Carmon et al. (2019) also proposes a method to replace the maximization over a small neighborhood $B_\epsilon(\mathbf{x})$ with a larger additive noise sampled from $\mbox{Norm}_{\mathbf{x}}[\mathbf{0}, \sigma^2\mathbf{I}]$. This alternative is specifically designed for a certified $\ell_2$ defense via randomized smoothing Cohen et al. (2019).

Results: After adding unlabeled data into adversarial training, robustness was improved by around 4%. As adversarial robustness needs to be evaluated systematically under different types of attacks and settings, we refer the reader to the original papers for details.

Program synthesis and semantic parsing with learned code idioms

Richard Shin, Miltiadis Allamanis, Marc Brockschmidt, Oleksandr Polozov

by Leo Long

Related Papers:

What problem does it solve? Program synthesis aims to generate source code from a natural language description of a task. This paper presents a program synthesis approach (‘Patois’) that operates at different levels of abstraction and explicitly interleaves high-level and low-level reasoning at each generation step.

Why is this important? Many existing systems operate only at the low level of abstraction, generating one token of the target program at a time. On the other hand, humans constantly switch between high-level reasoning (e.g. list comprehension) and token-level reasoning when writing a program.

The system, called Patois, achieves this high/low-level separation by automatically mining common code idioms from a corpus of source code and incorporating them into the model used for synthesizing programs.

Moreover, we can use the mined code idioms as a way to leverage other unlabelled source code corpora since the amount of supervised data for program synthesis (i.e., paired source code and descriptions) is often limited and it is very time-consuming to obtain additional data.

Figure 10. An overview of the `Patois’ program synthesis system.
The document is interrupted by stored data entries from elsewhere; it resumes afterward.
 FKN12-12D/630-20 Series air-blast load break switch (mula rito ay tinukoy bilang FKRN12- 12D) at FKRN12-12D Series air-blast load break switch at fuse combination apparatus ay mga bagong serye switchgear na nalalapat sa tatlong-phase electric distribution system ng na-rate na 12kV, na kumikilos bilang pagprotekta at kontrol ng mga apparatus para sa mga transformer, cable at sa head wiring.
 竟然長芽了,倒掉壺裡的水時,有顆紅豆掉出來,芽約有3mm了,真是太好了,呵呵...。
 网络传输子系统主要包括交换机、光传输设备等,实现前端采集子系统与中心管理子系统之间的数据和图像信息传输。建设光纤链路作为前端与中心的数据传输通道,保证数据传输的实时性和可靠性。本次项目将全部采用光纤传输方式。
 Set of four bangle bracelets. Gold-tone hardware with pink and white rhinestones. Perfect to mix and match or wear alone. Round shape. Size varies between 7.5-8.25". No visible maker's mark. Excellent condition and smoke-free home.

A dataset is mined for code idioms. These are then marked in a second dataset that will be trained for program synthesis. The decoder of this system has the option of outputting the mined code idioms as well as the primitive elements of the abstract syntax tree. As such the system reasons about the output at both high and low levels. Adapted from Shin et al. (2019).
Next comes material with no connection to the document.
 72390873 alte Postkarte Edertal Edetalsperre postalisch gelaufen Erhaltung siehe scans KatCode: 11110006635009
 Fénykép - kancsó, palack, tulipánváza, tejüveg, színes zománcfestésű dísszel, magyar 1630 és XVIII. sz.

The approach taken and how it relates to previous work: The system consists of two steps (figure 10). The goal of the first step is to obtain a set of frequent and useful program fragments. These are referred to as code idioms. Programs can be equivalently expressed as abstract syntax tree (AST). Hence, mining code idioms is treated as a non-parametric problem (Allamanis et al., 2018) and represented as inference over the probabilistic tree substitution grammar (pTSG).

The second step exploits these code idioms to augment the synthesis model. This model consists of a natural language encoder and an AST decoder (Yin and Neubig, 2017). At each step, the AST decoder has three possible actions. The first is to expand production rules defined in the original CFG of the source code language, which expands the sub-trees of the program AST. The second is to generate terminal nodes in the AST, such as reserved keywords and variable names. The third type of action is to expand the commonly used code idioms. They are hence effectively added to the output action space of the decoder at each step of generation. The resulting synthesis model is trained to maximize the log-likelihood of the action sequences that construct the right ASTs of the target programs given their natural language specifications.
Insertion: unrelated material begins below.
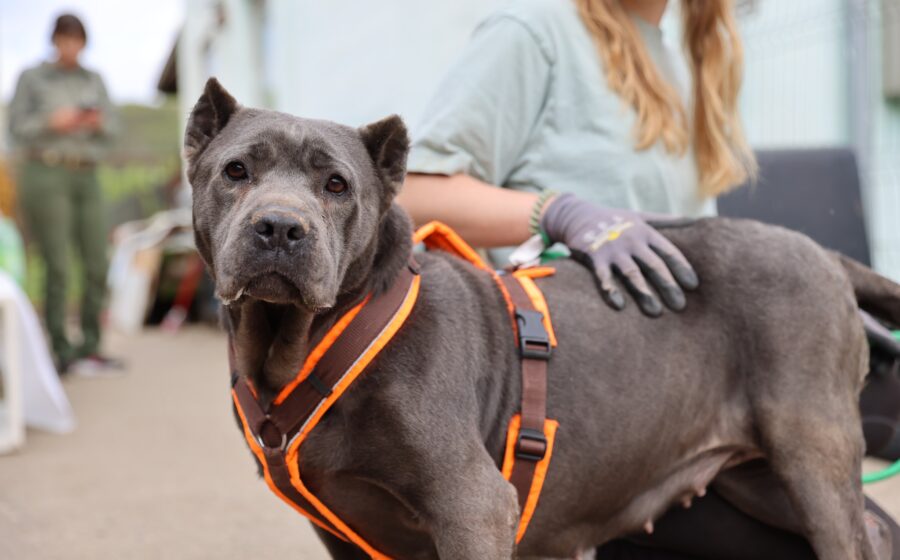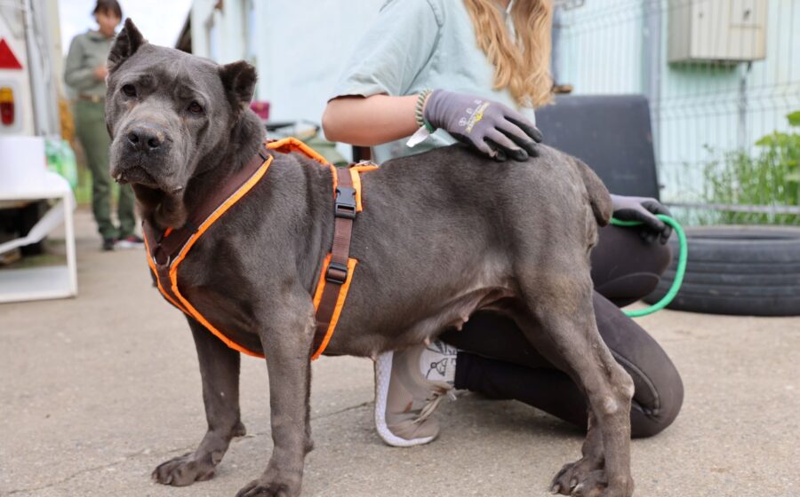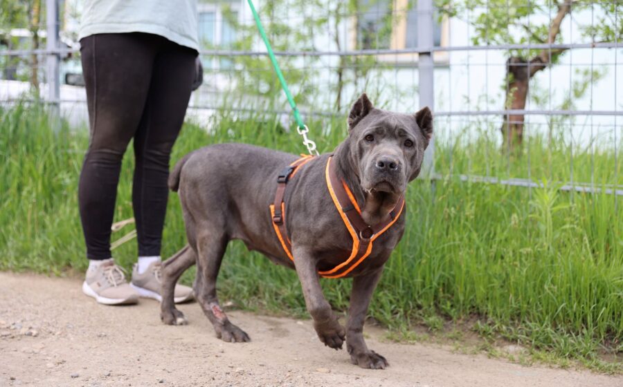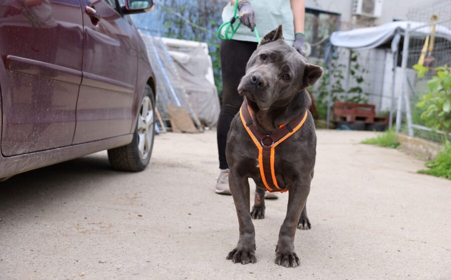 Soweit uns die Mitarbeiterin des öffentlichen Tierheims mitteilte, handelt es sich um einen Cane Corso-Mischling. Leider sind ihre Ohren und ihr Schwanz kupiert, so dass sie nicht in die Schweiz einreisen darf. Sie hatte einige tiefe Wunden an den Hinterbeinen. Diese wurden behandelt und sind nun zu etwa 80 % verheilt. Es wird erwartet, dass die Wunde vollständig verheilt, aber es werden wahrscheinlich einige Narben zurückbleiben.

Results: The paper presents experimental results on the Hearthstone and Spider datasets (figure 11). The experiment results show a noticeable improvement of the Patois system over the baseline model, which does not take advantage of the mined common code idioms. For a more qualitative analysis, Figure 12 presents few examples of the mined code idioms from the Hearthstone and Spider datasets, which correspond nicely to some of the high-level programming patterns for each language.

Figure 11. Results on the Hearthstone dataset.

Figure 12. Examples of code idioms mined from the Hearthstone and Spider datasets. Adapted from Shin et al. (2019).